• _Work item_
Pictures excluded, copy all of the data below exactly.

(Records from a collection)
%%

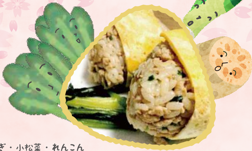
ねぎ・小松菜・れんこん
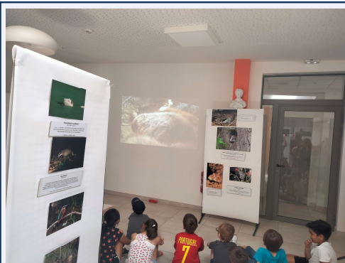
Accueil des scolaires
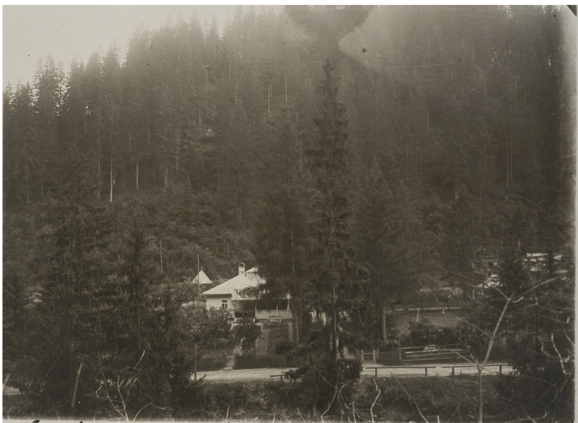
Kałużniczówka państwowa w Hryniewie. — 6.IX.1933.
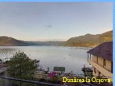
Dunărea la Orșova
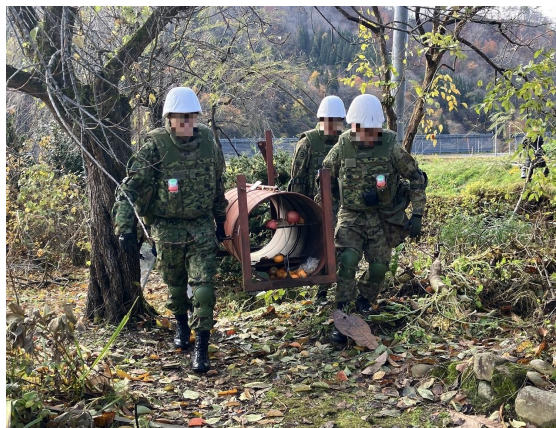
箱わな運搬(東成瀬村)
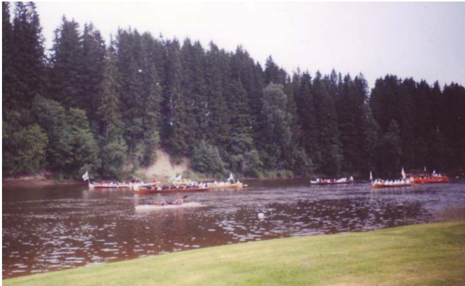
Kuva 2. Jokakesäinen jokisoutu Ruskilan kohdalla.
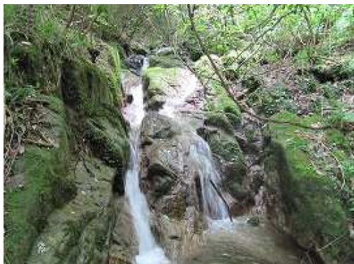
F4 15mの斜滝で中央部を上る。
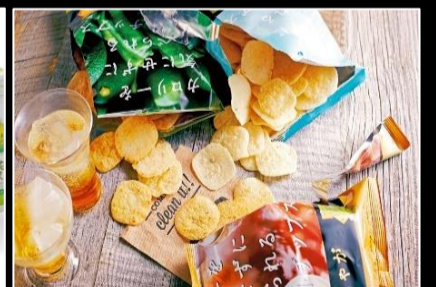
揚げないポテチ! 焼きじゃが12袋 (うす塩、コンソメ味など4種を各3袋)
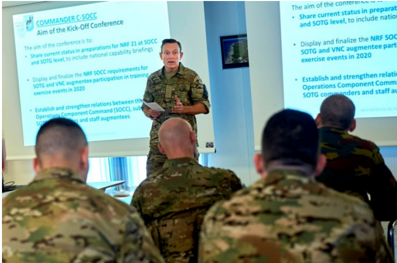
Figuur 3 – De Deense Generaal-majoor Peter Boysen, commandant C-SOCC, spreekt de staf van het C-SOCC toe tijdens de NRF SOCC 21 Kick-off Conference

Planning Process (NDPP) 2 . Door haar deelname aan het C-SOCC voldoet België aan het huidige opgelegde target inzake SOF C2.

%%

• _Your response_
ねぎ・小松菜・れんこん
Accueil des scolaires
Kałużniczówka państwowa w Hryniewie. — 6.IX.1933.
Dunărea la Orșova
箱わな運搬(東成瀬村)
Kuva 2. Jokakesäinen jokisoutu Ruskilan kohdalla.
F4 15mの斜滝で中央部を上る。
揚げないポテチ! 焼きじゃが12袋 (うす塩、コンソメ味など4種を各3袋)
Figuur 3 – De Deense Generaal-majoor Peter Boysen, commandant C-SOCC, spreekt de staf van het C-SOCC toe tijdens de NRF SOCC 21 Kick-off Conference

Planning Process (NDPP) 2 . Door haar deelname aan het C-SOCC voldoet België aan het huidige opgelegde target inzake SOF C2.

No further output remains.